To the Editor:

We thank Dr. Lai and his colleagues for their comments related to our article “Comparison of gastrointestinal adverse effects between cyclooxygenase-2(COX-2) inhibitors and non-selective, non-steroidal anti-inflammatory drugs (ns-NSAID) plus proton pump inhibitors (PPI)” [1]. According to our analyses, the risk of major gastrointestinal (GI) complications was lower in COX-2 inhibitors, as compared to ns-NSAIDs plus PPI. We agree that patients who take COX-2 inhibitors are still at risk for GI adverse events, when compared to patients who do not take these medications. As shown in a metaanalysis by Rostrom et al. [2], high-dose COX-2 inhibitors insignificantly increased the risk of gastric (relative risk or RR 1.22; 95% CI 0.83–1.80) and duodenal (RR, 1.29; 95% CI 0.63–2.66) ulcers, as compared to placebo. However, when compared to ns-NSAIDs, the risk of major GI complications including perforation, ulceration, bleeding, and obstruction were lower in COX-2 inhibitors.
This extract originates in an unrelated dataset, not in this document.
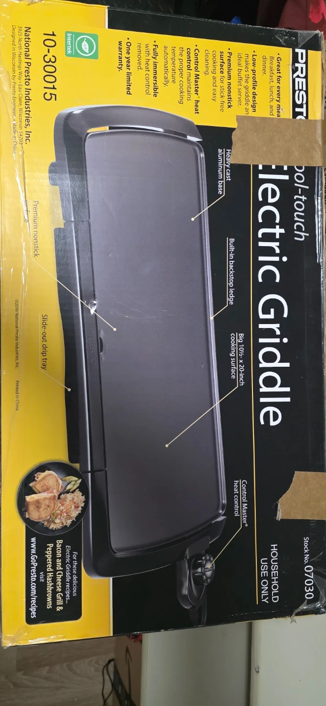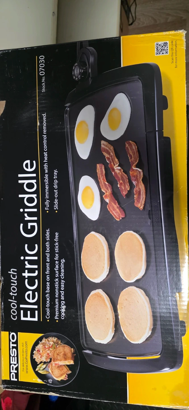 I'm selling a Presto Cool-Touch Electric Griddle. It's perfect for breakfast, lunch, and dinner! It has a premium nonstick surface for easy cleaning and cooking. The griddle is fully immersible with heat control removed. It also has a slide-out drip tray. The box is included

The increased risk of peptic ulcer in a cohort study needs to be cautiously interpreted because this study design is susceptible to selection bias resulting in imbalanced prognostic characteristics at baseline. In daily practice, physicians usually prescribe COX-2 inhibitors for patients who are at high risk of developing GI complications, e.g., old age, prior GI ulcer or bleeding, aspirin or anti-coagulant user, and steroid use, whereas patients with low risk are usually treated with ns-NSAIDs. Therefore, the risk of GI complications between COX-2 inhibitors vs. ns-NSAIDs may be comparable or even higher in COX-2 inhibitors.

We totally agree that COX-2 inhibitors are associated with increased risk of GI complication. Patients requiring NSAID therapy who are at high risk should receive COX-2 inhibitor and GI protective therapy (e.g., misoprostol or PPI) or alternative therapy for pain control.